Vikrant Varma – Challenges With Unsupervised LLM Knowledge Discovery

Transcript

I'm going to talk about a piece of work that we did a few months ago called Challenges with Unsupervised Language Model Knowledge Discovery. This was work done with all of these wonderful colleagues at DeepMind.


So the first question is, why would you want to discover knowledge at all? Why not ask the model what it knows? This has been covered by a few speakers before as well, but the main problem is that we might train models for performance on something, and not fully understand how they're getting that high performance. And we could try to ask them how they're getting their high performance, and we would get some answers, and we would like other ways of telling whether the answers are good, apart from relying on the model's outputs. And there are reasons why the model might not be entirely forthcoming about the reasons that it's giving to us.


So why do unsupervised discovery of knowledge? The main problem is that we don't have labels for the cases that we're actually interested in, where the risk is higher. And this is because as our AI systems get stronger, it's easier for us to measure their performance on some tasks than it is for us to know the reasons why they're doing those tasks. And so if you don't have labels for those things, then our methods to extract knowledge need to be unsupervised, or we need unsupervised ways of checking the reasons that the model is giving.


One strategy you could have for trying to extract reasons in an unsupervised method, is to do consistency checks. Here's an example of doing this: you might observe that if something's true, then it should satisfy negation consistency. And you might try to employ the strategy of searching for ways of extracting knowledge from the model that satisfy this consistency.


Here's a piece of work from OpenAI, from Collin Burns and colleagues, that tries to use this strategy. There's quite a lot on this slide, but I just want to focus on the “are cats mammals?” question. The way this works is you give the model this question, and then you append the word “yes” or “no” at the end of that question, and you look at the internal activations of the model. So you're not relying on the model's outputs at all, you're just doing white box access into the internals. Then you can try to cluster the internal activations based on a full dataset of these contrast pairs and then search for directions that maximally separate these two clusters. And if you do this, it turns out that you can get some promising results that show that in an unsupervised fashion, you discover a direction that corresponds to whether the model thinks the question was yes or no.
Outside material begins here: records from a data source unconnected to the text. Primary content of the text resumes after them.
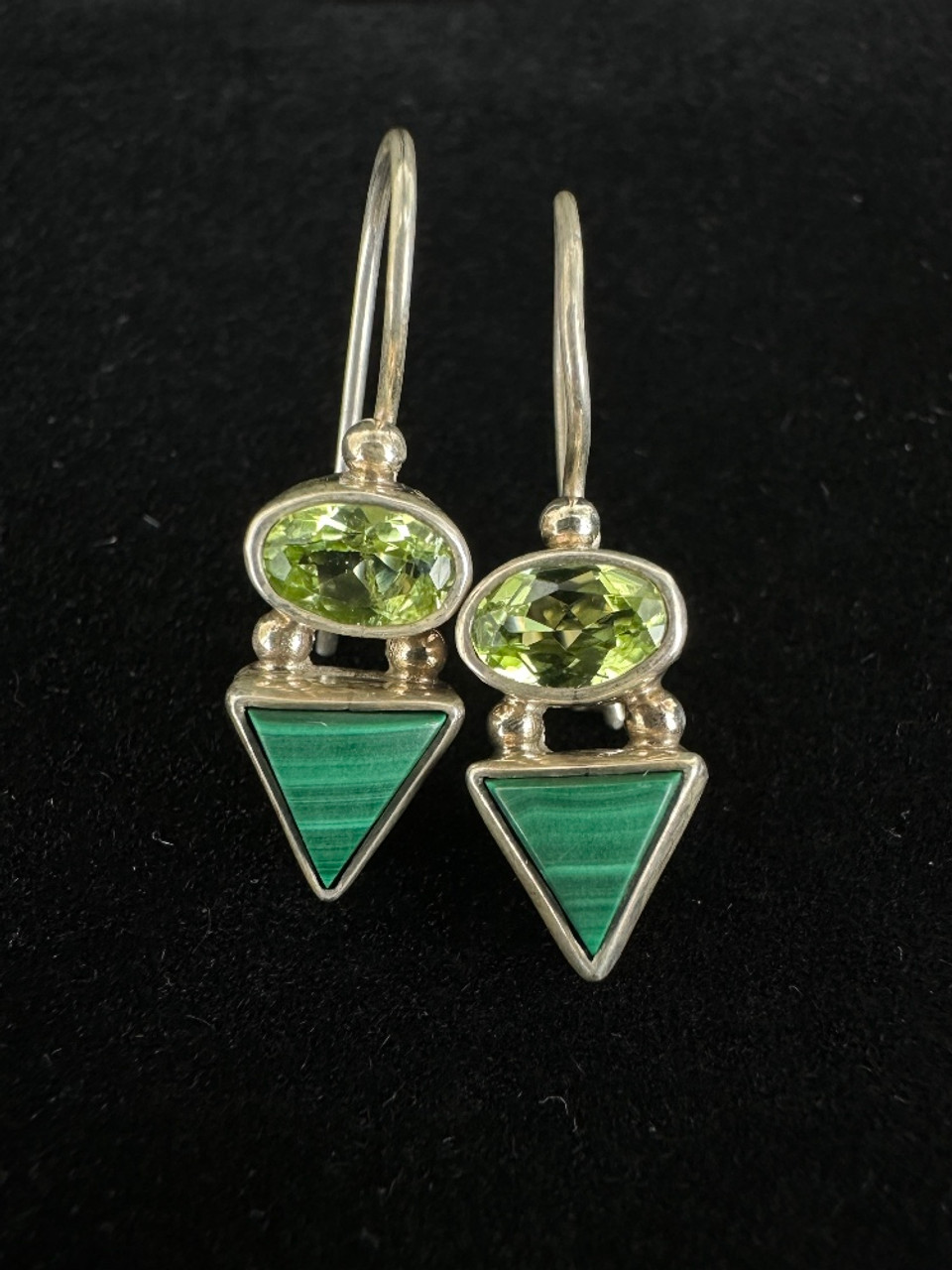 Vintage Sterling Silver Sajen Peridot Malachite Drop Earrings Ellis Antiques Very well made.
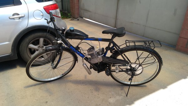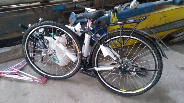 Помните этого арлекина? Руки до него таки дошли. Божечки, он офигенный. Моторизация ему к лицу. Меня, бугая 100кг возит с ветерком и с конкретным таким запасом прочности и мощности. Тащусь.
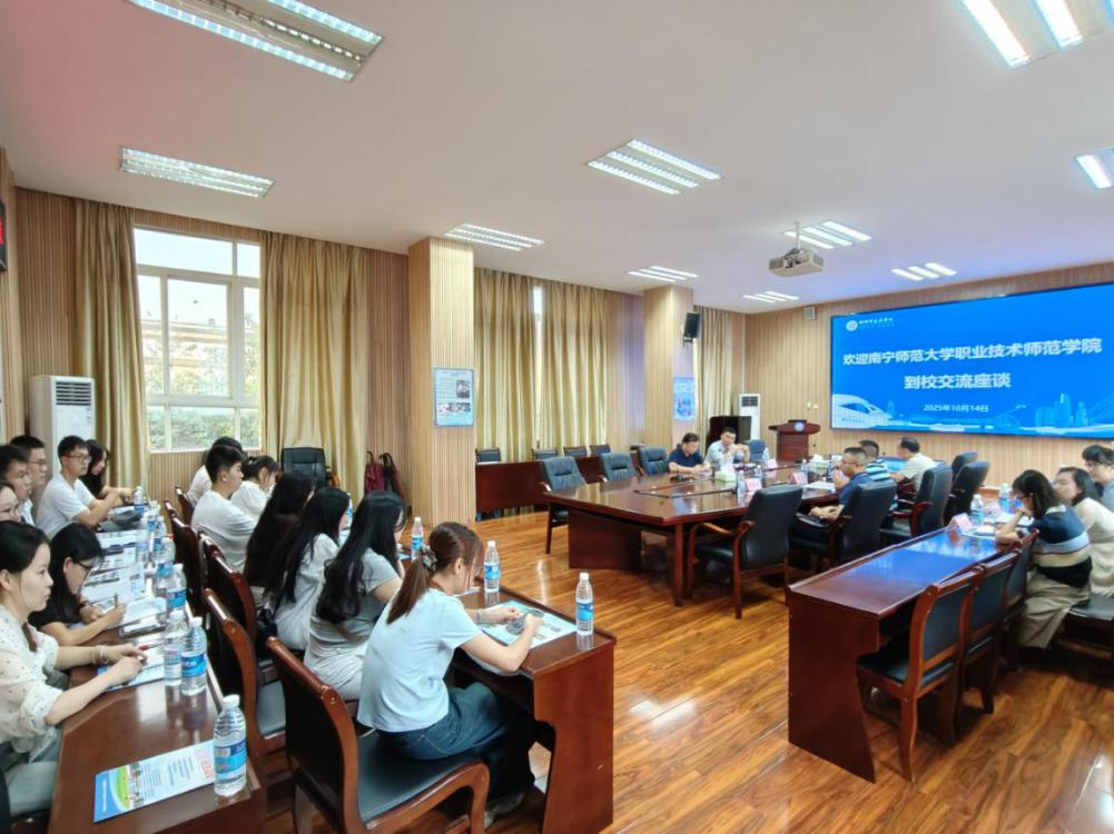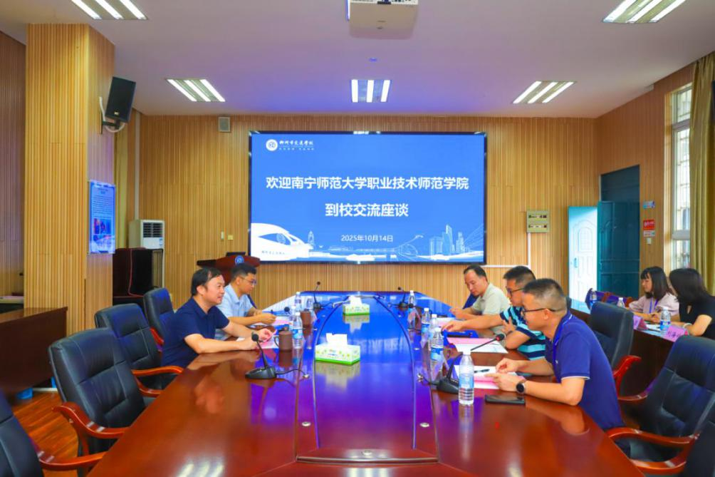 2025年10月14日南宁师范大学职业技术师范学院院长、教授陈良带队一行16人到学校开展见习活动。学校校长黄䶮携相关领导一行8人进行了接待。
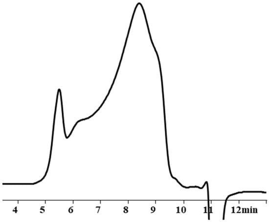 GPC analysis was performed on a chromatographic system: high-pressure pump LC-10ADvp (Shimadzu, Kyoto, Japan), a refractometer detector Smartline RI 2300 (KNAUER, Berlin, Germany), and thermostat JETSTREAM 2 PLUS (KNAUER, Berlin, Germany). The temperature was 40 ± 0.1 °C, the eluent was toluene + 2% THF, and the flow rate was 1.0 mL/min. Columns 300 × 7.8 mm, Phenogel sorbent (Phenomenex, Torrance, CA, USA), 5 μm, pore size from 50 Å to 105 Å. Calibration of columns relative to Agilent polystyrene standards (USA). Processing of chromatograms and calculation of molecular weight parameters are given by the Multichrome for Windows program, version 1.6 (Ampersend, Moscow, Russia).

So we were initially pretty optimistic about this kind of approach. And then we started looking into it a bit more and came up with a number of examples where it seemed like this method was much worse than we initially thought. And I think these examples are illustrative of some of the problems of unsupervised discovery methods like this. So here's an example of classifying movie sentiment. So ordinarily you wouldn’t have the “Alice thinks it is…”, normally you would just have the review and then you'd say this review is positive or negative. So that's how you would construct the contrast pair. But you can insert this distracting feature about this unrelated character, Alice, who also happens to have an opinion on the movie review, which is completely uncorrelated from the actual sentiment of the movie review. And you can run this experiment and check, whether the unsupervised probe picks up on the sentiment or whether it picks up on this distractor opinion. And it turns out that the distracting feature is much more prominent for methods like CCS and contrast pairs, which you can see from the much more separated clustering on the right hand side here.


This is another example that I quite like, which is this dataset where you're trying to classify the topic of some entity. So for example, “Phase is an audio company”, and then the choices are, is this opinion about a company or about an animal? And we insert this distracting character called Alice, who is an anti-capitalist who will never answer correctly about companies, but will answer every other topic correctly. And it turns out that about half of the probes that you would train using something like CCS on this kind of dataset would learn the anti-capitalist feature corresponding to Alice rather than the truth feature.


In conclusion, there's a number of challenges with unsupervised knowledge discovery. The main challenge we point out in the paper is that you can search for features that satisfy these consistency properties, but many features satisfy them, not just what we think of as truth. And then, how do we go beyond consistency? So can we use, for example, mech interp to look for features that are represented structurally differently and try to find differences between truth and other things? And we also highlight a number of more speculative outcomes. So, check out our paper.